Records for this exercise:
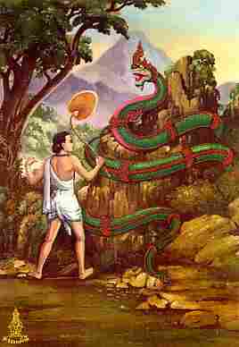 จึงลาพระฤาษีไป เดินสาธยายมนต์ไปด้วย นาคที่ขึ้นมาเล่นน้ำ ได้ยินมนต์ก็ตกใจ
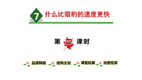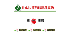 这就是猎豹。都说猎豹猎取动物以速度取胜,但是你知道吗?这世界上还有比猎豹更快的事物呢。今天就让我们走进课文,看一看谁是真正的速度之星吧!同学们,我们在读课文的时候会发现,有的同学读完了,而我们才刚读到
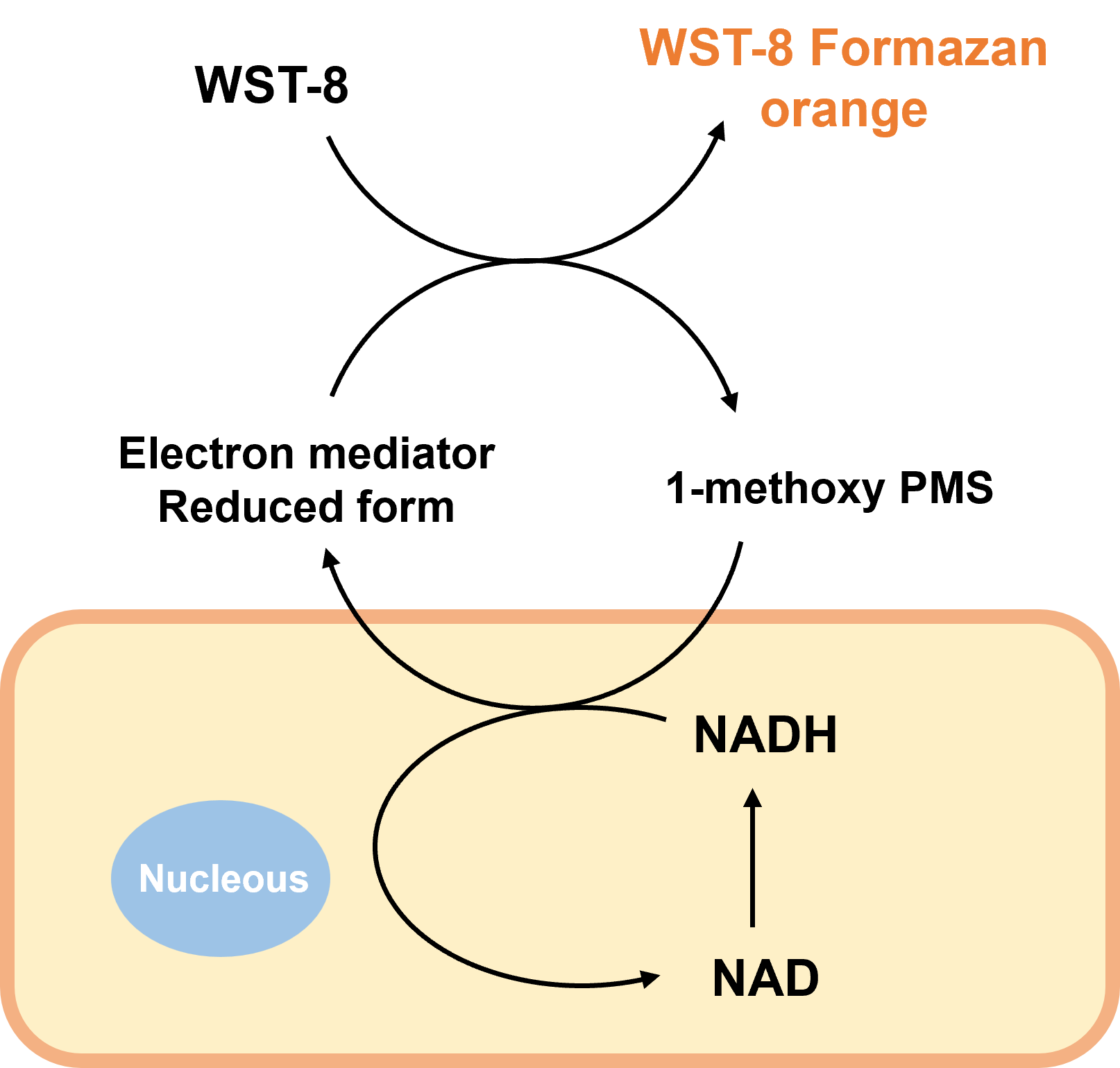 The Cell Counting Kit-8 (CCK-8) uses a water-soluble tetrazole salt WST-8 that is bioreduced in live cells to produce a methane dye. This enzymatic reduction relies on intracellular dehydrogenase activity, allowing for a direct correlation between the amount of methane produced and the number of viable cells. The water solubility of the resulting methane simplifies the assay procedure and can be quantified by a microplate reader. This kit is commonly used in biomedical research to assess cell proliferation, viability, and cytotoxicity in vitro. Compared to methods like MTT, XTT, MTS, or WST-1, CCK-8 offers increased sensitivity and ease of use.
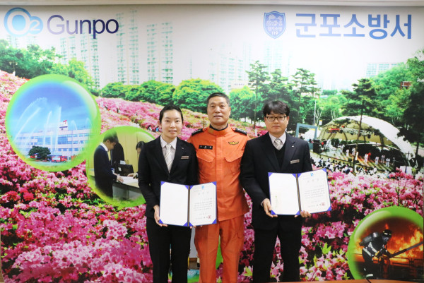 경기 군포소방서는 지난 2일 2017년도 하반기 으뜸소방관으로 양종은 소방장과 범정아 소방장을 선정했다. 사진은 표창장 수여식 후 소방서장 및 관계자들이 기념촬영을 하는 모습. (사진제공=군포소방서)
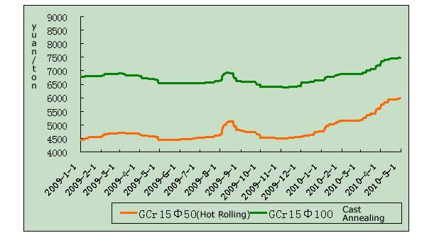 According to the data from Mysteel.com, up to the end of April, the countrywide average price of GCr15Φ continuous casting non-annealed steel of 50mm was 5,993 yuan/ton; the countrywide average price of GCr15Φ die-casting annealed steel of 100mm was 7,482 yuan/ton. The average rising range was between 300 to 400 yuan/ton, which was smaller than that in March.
* * *
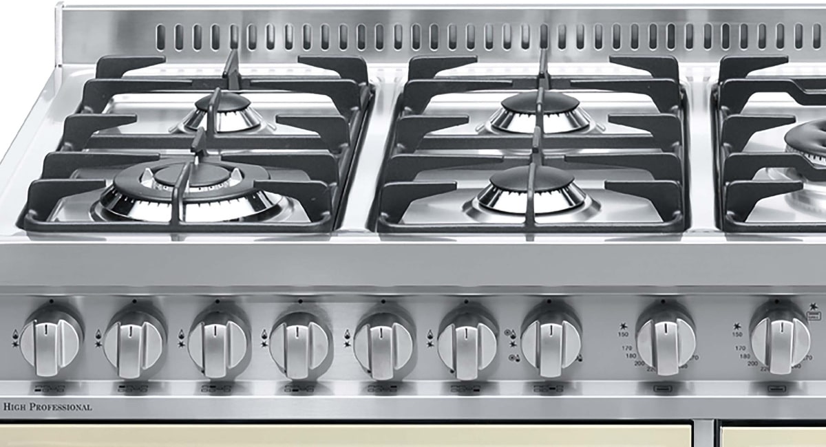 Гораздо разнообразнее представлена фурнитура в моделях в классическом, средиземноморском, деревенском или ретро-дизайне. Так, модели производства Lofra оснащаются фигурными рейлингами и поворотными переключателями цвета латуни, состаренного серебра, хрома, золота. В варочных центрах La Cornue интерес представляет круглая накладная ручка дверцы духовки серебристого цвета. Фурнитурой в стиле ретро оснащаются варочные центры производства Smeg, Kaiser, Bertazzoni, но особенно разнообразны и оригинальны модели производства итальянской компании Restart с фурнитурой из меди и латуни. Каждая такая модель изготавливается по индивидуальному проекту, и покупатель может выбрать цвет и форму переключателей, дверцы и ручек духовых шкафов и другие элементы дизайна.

Work instruction: In the data above, retype only the stretch from the line with "จึงลาพระฤาษีไป เดินสาธยายมนต์ไปด้วย นาคที่ขึ้นมาเล่นน้ำ" through the line with "这就是猎豹。都说猎豹猎取动物", word for word, and skip any pictures.

Solved problem:
 จึงลาพระฤาษีไป เดินสาธยายมนต์ไปด้วย นาคที่ขึ้นมาเล่นน้ำ ได้ยินมนต์ก็ตกใจ
 这就是猎豹。都说猎豹猎取动物以速度取胜,但是你知道吗?这世界上还有比猎豹更快的事物呢。今天就让我们走进课文,看一看谁是真正的速度之星吧!同学们,我们在读课文的时候会发现,有的同学读完了,而我们才刚读到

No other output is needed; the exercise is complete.